Architecture and design gave me a visceral thrill that propelled my imagination beyond our dull ranch house and our claustrophobic, fearful family life. Frank Lloyd Wright's seemingly infinite circular museum and Bunshaft's clear, light-filled travertine-covered rectangle planted the seeds of hope, and hope may be the beginning of faith.

16 comments:

Ken Lerch said...

Happy Birthday, Kenny! I look forward to the clarity of vision and poetry of your musings.

Unknown said...

Kenny,
Welcome to the 50s! You're entering with a bang! And I too look forward to reading your musings.

Unknown said...

kenny! thoughtful and insightful as always. glad to hear you can claim classic mid-century status now. :-) melody

Yelapa Rob said...

Welcome to the 50's.
Welcome to the blogosphere.
Welcome to the new depression.
What a time to be alive!

Rob

Yelapa Rob said...

Bunshaft Haiku:

Zellerbach Plaza.
Market and Sansome.
Too Brilliant.

MikeC said...

Happy Birthday, Kenny!

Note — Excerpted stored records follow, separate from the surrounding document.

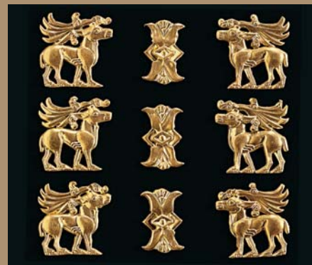
Goldene Zierbleche in Form von Lotusblüten und Hirschen als Kleidungsbesatz, Kuban-Kultur um 450 v. Chr. Höhe: jeweils 2,5–3 cm

Wir danken den Museen und Institutionen aus Deutschland, Kasachstan, Rumänien, Russland, der Ukraine und Ungarn, die sich an der Vorbereitung und Durchführung des Projekts beteiligt haben. Allein durch ihre Hilfe wurde möglich, dass zahlreiche einzigartige Objekte erstmals dem deutschen und europäischen Publikum präsentiert werden können.
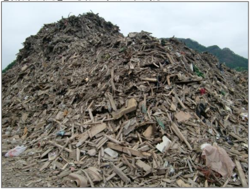
【品目例】可燃系混合物
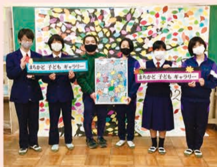
金井中学校美術部の生徒さんと顧問の先生

予想以上にコメントが集まり驚きました。コメントのひとつひとつに愛が詰まっていて、制作しながらあたたかい気持ちになりました。地域の方々に個性あふれる作品の数々を楽しんでもらえたことや地域の色々な場所や魅力を知ってもらえたことがうれしいです。
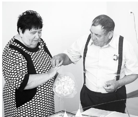
Золотые юбиляры Рогачевы обменялись обручальными кольцами.

Нина Ивановна работала весовщицей в совхозе «Глубоковский», была заведующей клубом и столовой, трудилась продавцом в магазине в своей родной деревне Чес-
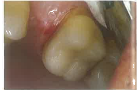
Slika 6. Polirana indirektna restauracija

Indirektne kompozitne restauracije se cementiraju kompozitnim cementom (dvostruko polimerizirajući) u boji zuba odnosno restauracije. Korištenje oscilirajuće tehnike cementiranja (eng. ultrasonic insertion technique) s posebnim nastavkom za cementiranje restauracija/krunica dovodi do povećanja tiksotropnosti kompozitnog cementa i bolje sveze materijala i zubnog tkiva (slika 4). Zatim slijedi polimerizacija i odstranjivanje matrice, te dodatna po-
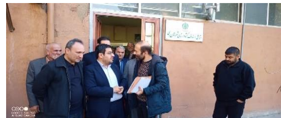
بازدید سرزده معاون استاندار و فرماندار ویژه شهرستان ری از مجموعه مدیریت جهاد کشاورزی شهرستان
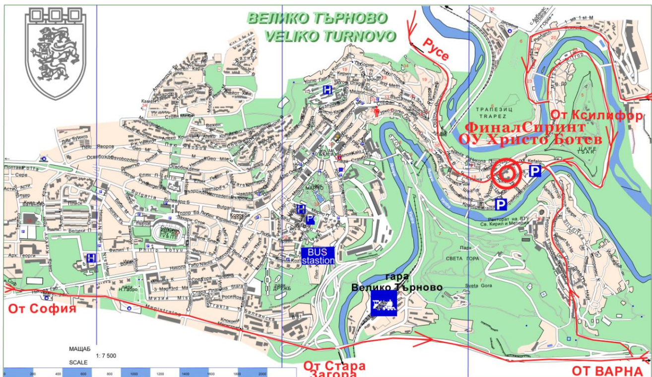
Схема - Спринт

Моля паркирайте на обозначените на схемата места.
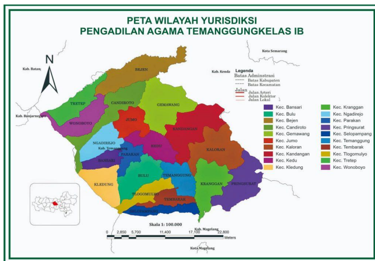
Gambar 2 Peta Wilayah Yurisdiksi Pengadilan Agama Temanggung. sumber: pa-temanggung.go.id

Untuk mewujudkan peradilan yang professional, mandiri, transparan dan modern, yang mampu memberikan pelayanan publik yang prima kepada masyarakat pencari keadilan secara cepat, sederhana dan biaya ringan, serta sejalan dengan visi dan misi Mahkamah Agung, maka dirumuskan visi Pengadilan Agama Temanggung, yakni : 55
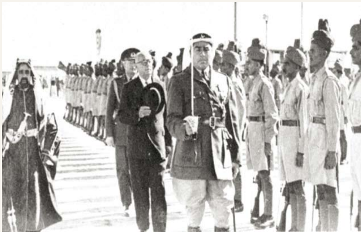
زيارة الرئيس التركي جلال بابار
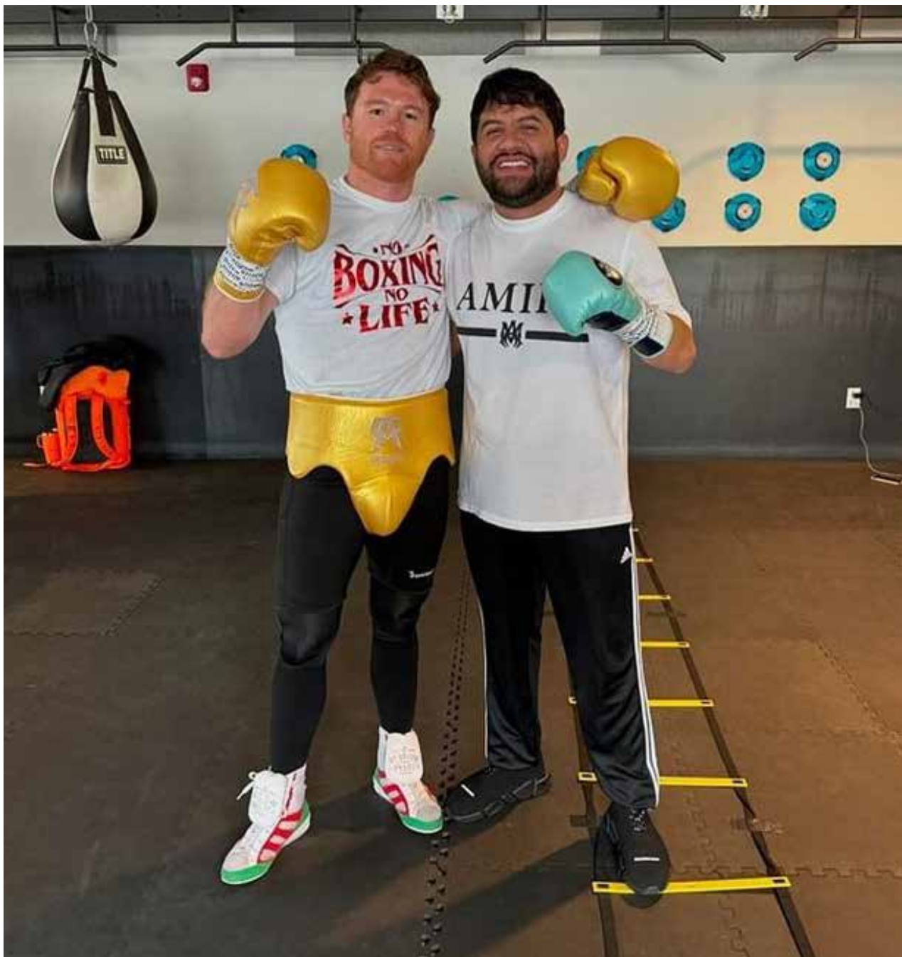
Es tanto el aprecio que se tienen Luis R Conriquez y Saúl 'El Canelo' Álvarez que muy a menudo se dejan ver juntos.

Pese a las fotografías en las que son vistos en guantes y short, los famosos personajes no han aclarado si fue un entrenamiento 'entre amigos' o si fue con la intención de aprender defensa personal, lo que se sabe es que Luis R Conriquez y Saúl 'El Canelo' Álvarez tienen una gran amistad, por lo que muy seguido se dejan ver juntos en fiestas o en algún otro tipo de reunión.
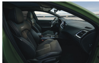
Opcionális BŐR csomag GT-Line felszereltséghez
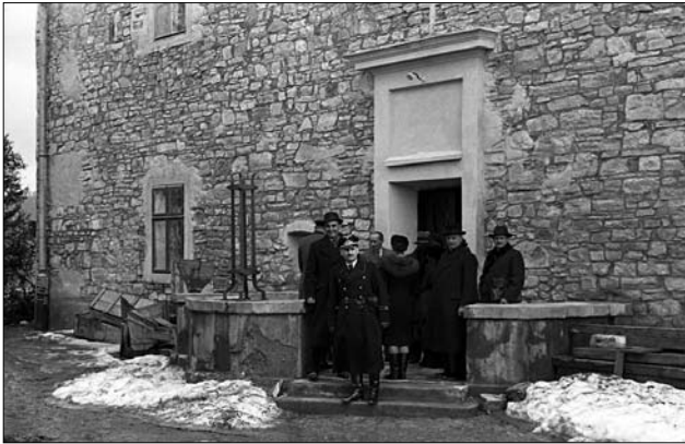
Іл. 4. Після зустрічі з представниками німецького уряду, квітень 1940

до противників німецьких. Було дуже небезпечно. В такий час Губер прислав мені понад 100 кольорових портретів Гітлера до роздачі по лемківських селах. Використовування музею до такої роботи вважав я невідповідним і разом із помічною силою С. Стефанським, при зачинених дверях музею спалив я 100 портретів Гітлера в печі музею. Дуже боявся Стефанський — але разом зі мною виконали ми сей смілий крок. Портрети Гітлера на наших землях вважав я невідповідною образою...» [4, 3/8, арк. 94].
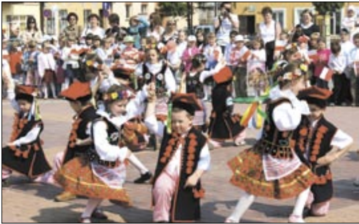
PRZEDSZKOLAKI Z BIAŁO-CZERWONĄ - to program, jaki zaprezentują na sanockim Rynku najmłodszy obywatele. To trzeba koniecznie zobaczyć! Zapraszamy w ich imieniu w piątek, 29 bm. o godz. 13.

Wcześniej, bo 28 kwietnia (czwartek) o godz. 11 na sanockim Rynku odbędzie się III Młodzieżowa Parada Niepodległości. O godz. 12 jej
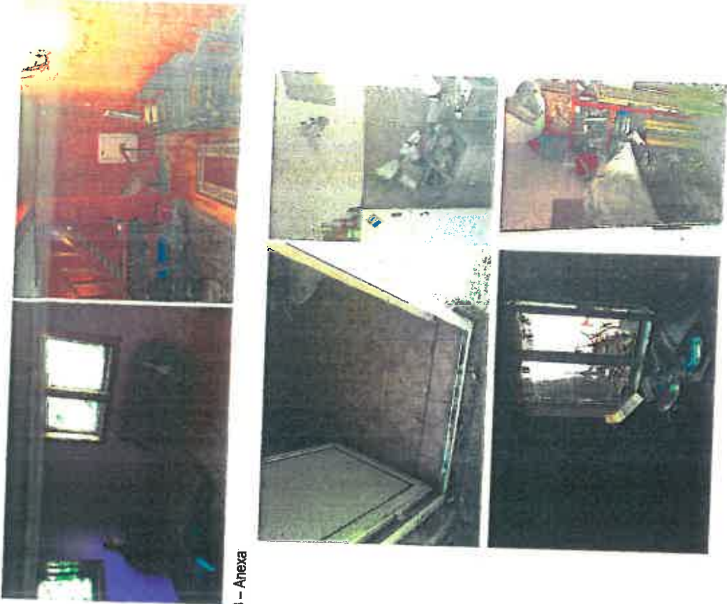
C3 - Anexa
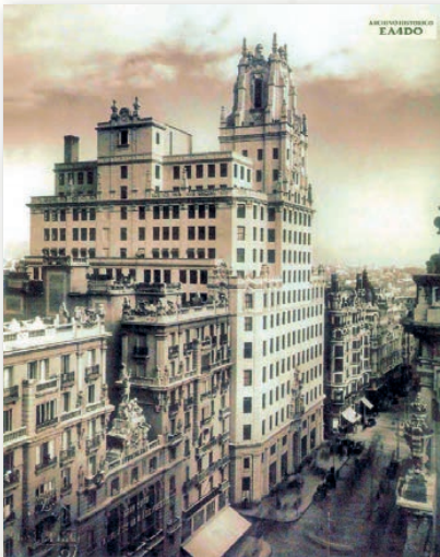
Edificio de la Compañía Telefónica tras su inauguración en 1929, junto al Teatro Fontalba, en la hoy Gran Vía madrileña

■ Los participantes tuvieron programada la visita al que fue primer "rascacielos" de Madrid, el nuevo edificio de la Compañía Telefónica, [...], con casi una veintena de pisos y un centenar de metros de altura
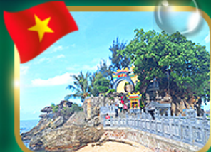
สักการะขอพรศาลเจ้าอ้อทิว
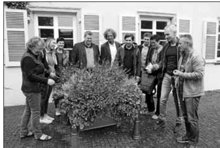
Die Thüringer bewundern die mit Gewürzen, Kleingemüse und Kleinobst bestückten Pflanzkübel der „Essbaren Stadt“.
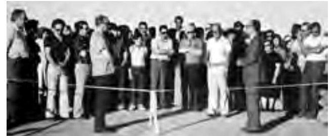
Foto histórica de la inauguración del Paso de los Algarrobos en el Oeste pampeano.

El surgimiento de la Dirección Provincial de Vialidad se vinculó a los contextos nacionales y provinciales, ya que ambos influyeron notablemente en el desarrollo de la repartición.
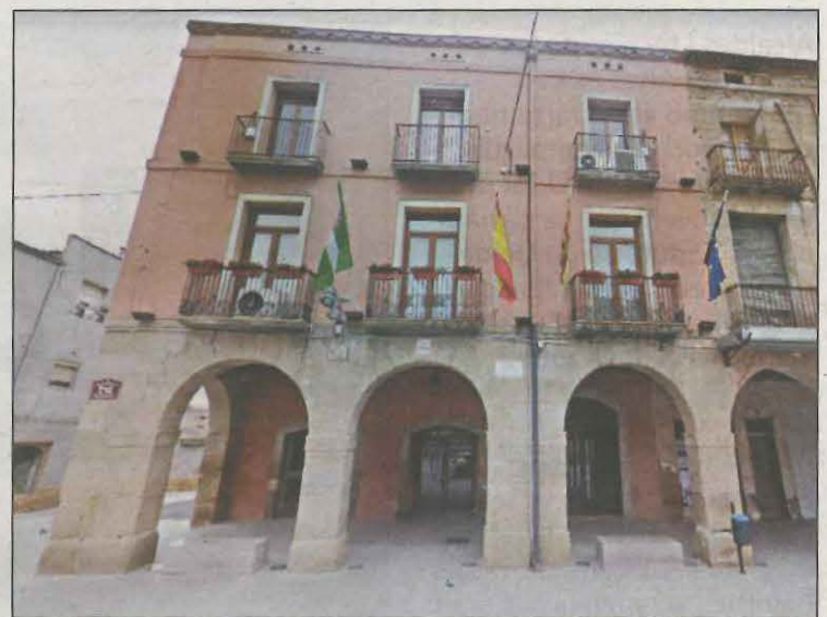
Imatge de la façana de l'ajuntament d'Almacelles

ra el mateix afectat, el febrer de 2021, l'ajuntament va tornar a nomenar sense cap procés de promoció interna al seu predecessor, que suposadament continuava incomplint els requisits, per davant altres agents que sí que els complien. Un cop superat el període de pràctiques, i nomenant el funcionari de carrera l'agost de 2021, l'Ajuntament el va ratificar el març
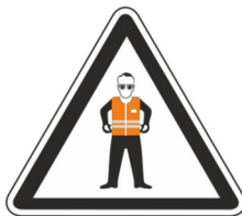
vstup pouze s reflexní vestou
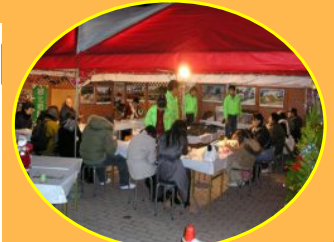
緑のワークショップ (東会場)

平成21年12月1日から25日までの間、中之島地区で、水都大阪の冬の名物詩「OSAKA 光のルネサンス」を開催します。今年は「中央会場」、「西会場」、「東会場」の3ヶ所を中心に、楽しく魅力的な光のイベントをご用意しています。
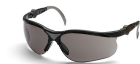
OCHRANNÉ BRÝLE SUN X 544 96 37-03
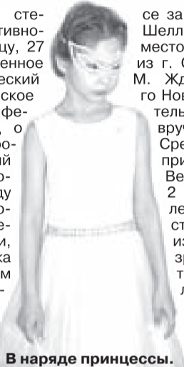
В наряде принцессы.

В этот же день состоялось торжественное закрытие фестиваля. И на него обычно собирается большое количество зрителей.
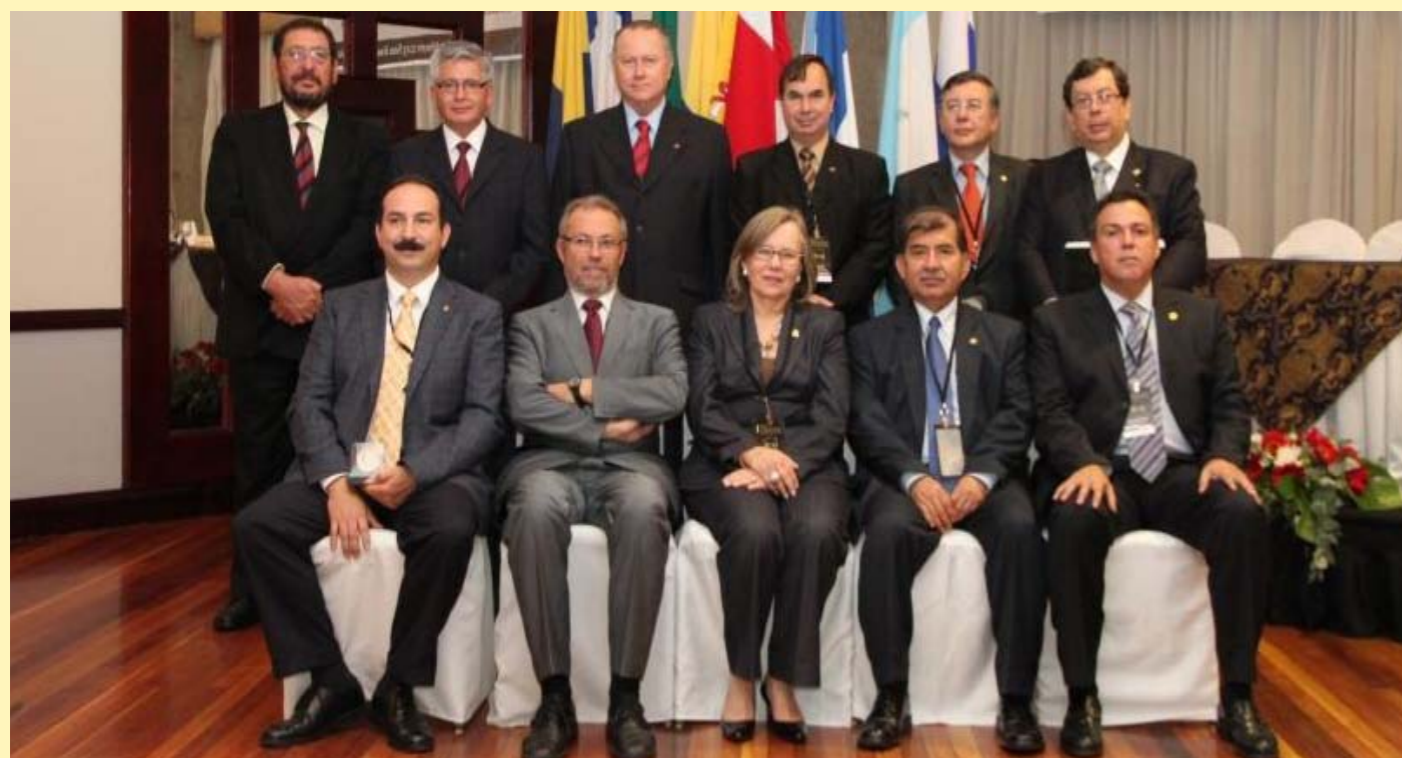
Sobre estas líneas, una imagen de los asistentes a la I Reunión de Comisión Iberoamericana de Calidad para la Justicia, celebrada entre los días 7 y 8 de febrero en San José de Costa Rica.

Gran parte de las sesiones de trabajo fueron destinadas a consolidar el estatuto de la Red Iberoamericana de Gestión e Investigación de Calidad para la Justicia (RIGICA-JUSTICIA) para lo cual se analizó artículo por artículo, lográndose la consolidación unánime por parte de los integrantes de la CICAJ, de dicho cuerpo estatutario. Estos estatutos serán aprobados en la Segunda Reunión Preparatoria, que tendrá lugar en el mes de diciembre en Bolivia.

What a way to celebrate! (I would have gone out and gotten wrecked...actually that's what I did do...) Your picture is thoughtful and your words even more so. Good luck.
Mike

Anonymous said...

Happy Half-Century Kenny!

Your insights and wit are always appreciated. Now we'll follow the blog!

Unknown said...

Happy Birthday, dear Kenny! First, you will never be forgotten. Second, thank you for this blog - and for writing about the travertine house. I am going to love this!

iraw said...

Kenny - Happy Birthday!!!
I can't belive your officialy a classic and half way to an antique.
I'm 6 month behind right behind you and closing fast. I think the blog is great and I look forward to your unique insights.

Sarah Michaels said...
This comment has been removed by the author.
John J. Parman said...

This is really good, Kenny. I think you've found your medium.

Anonymous said...

Kenny, Thank you! I just spent a wonderful afternoon exploring your blog, websites and all. Your personal journey and how it intertwines with beauty, hope and faith touched me deeply.

MWM said...

Happy Birthday Kenny!
and welcome to the internets:)
Even more than being visible, a blog is motivation to keep doing what you do -in your case thinking and writing. It gives you a place to put these thoughts down and then come back to. And then there is the wonderful dialog that will develop between you and your friends, both old and ones you haven't yet met. This is one of the most amazing things that will happen.
It's always interesting to me to hear how people begin their appreciation of architecture. I think mine was influenced by my parent's building a house from a house and garden magazine plan in the 60's.
I'm looking forward to you finding your online voice and your musings here.
xo
Martha
ps -I took my students to see St. John's on Friday and they fell in love with Breuer. I thought of you the whole day.

Helen said...

Nice one, Kenny! A very happy birthday from Oxford.

Anonymous said...

congratulations kenny on "just being" a wonderful person for 50years. blog on were listening.
or reading in this case. I doubt you will never have a forum.

jm144 said...

KC:

How exciting. You and Rick Redfern - bloggers! Maybe this will get some of the rest of us "oldies" into the blogoshpere.